Along with his colleagues, he also started family planning clinics and a Pap smear and colposcopy clinic that has helped reduce death rates from cervical cancer in Central Harlem.
Stephen married a social worker, Carol (who died in 2006), and they had three daughters; two are doctors and one is a speech therapist. “Children are like the stars; you don’t see them every day but you know they are there,” he says.
Today, he is an emeritus professor at Columbia and a member of the New York Gynecologic Society and the New York Obstetrical Society.
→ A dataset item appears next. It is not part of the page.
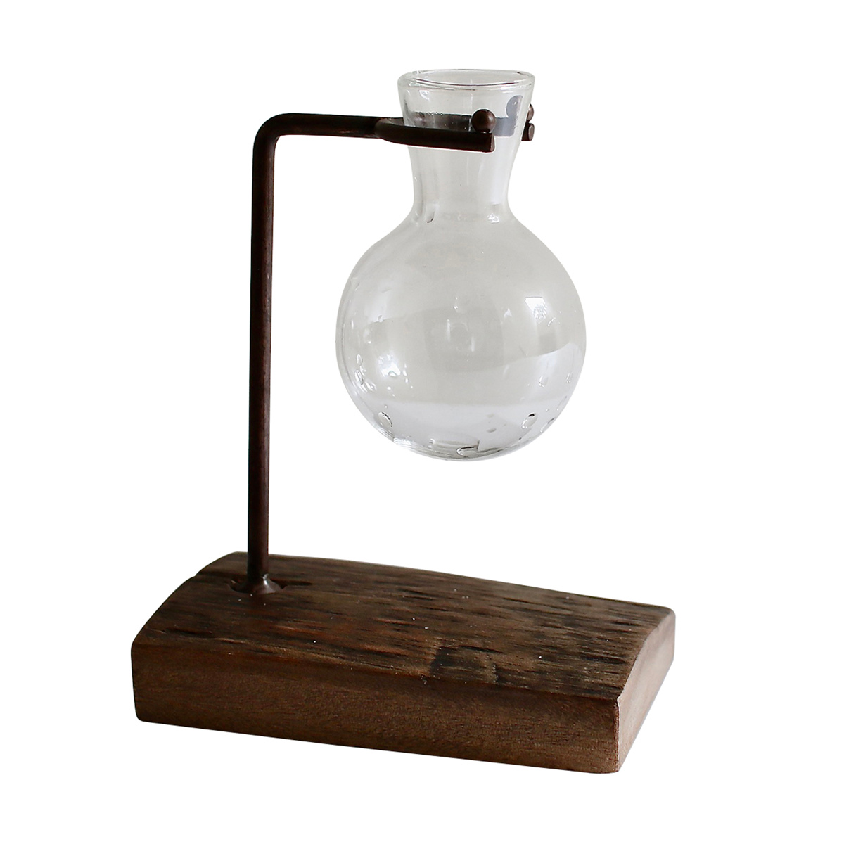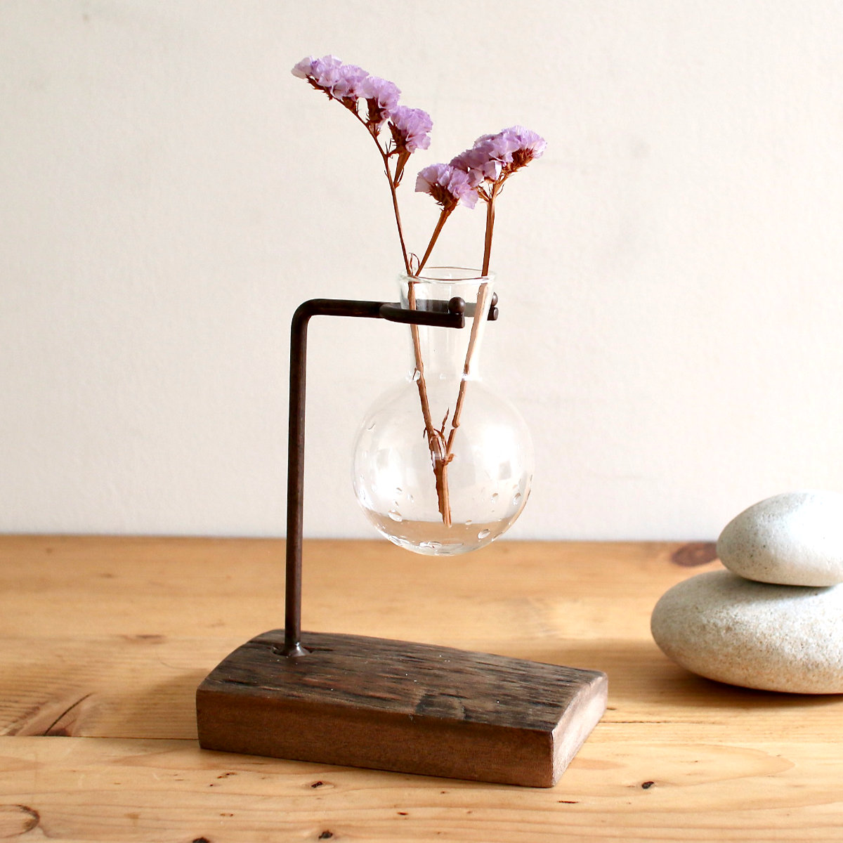 まるで実験のフラスコのように、ガラスが宙に浮いたデザインのフラワーベースです。インテリアにさりげないアクセントをくわえ、シンプルながらも洗練された空間を演出します。ガラス部分はお花を一輪挿すだけで雰囲気が変わり、ドライフラワーやグリーンとの相性も抜群です。

His home is a high-rise building on Riverside Drive, overlooking Riverside Park and the Hudson River in New York City. He loves the city but notes with concern the large number of homeless people and increasing poverty and drug addiction in the US. Another disturbing trend is the “rekindling of nationalism and tribalism” in a number of countries. “Democracies have been at the forefront of the humanities, science, mathematics, engineering and technological advances and have brought levels of prosperity, security and health to some but not to the majority of people,” says Stephen. “We need to work harder on the distribution of the benefits of democracy to all. What matters most to me are the successes and struggles of ordinary young folks finding their way in this world.”
Looking back on his life, Stephen says: “I thank my parents for being my guiding star and giving me moral, social and financial support. I thank Wits University for giving me wings to soar and to make my dream come true. It has been an exhilarating journey.”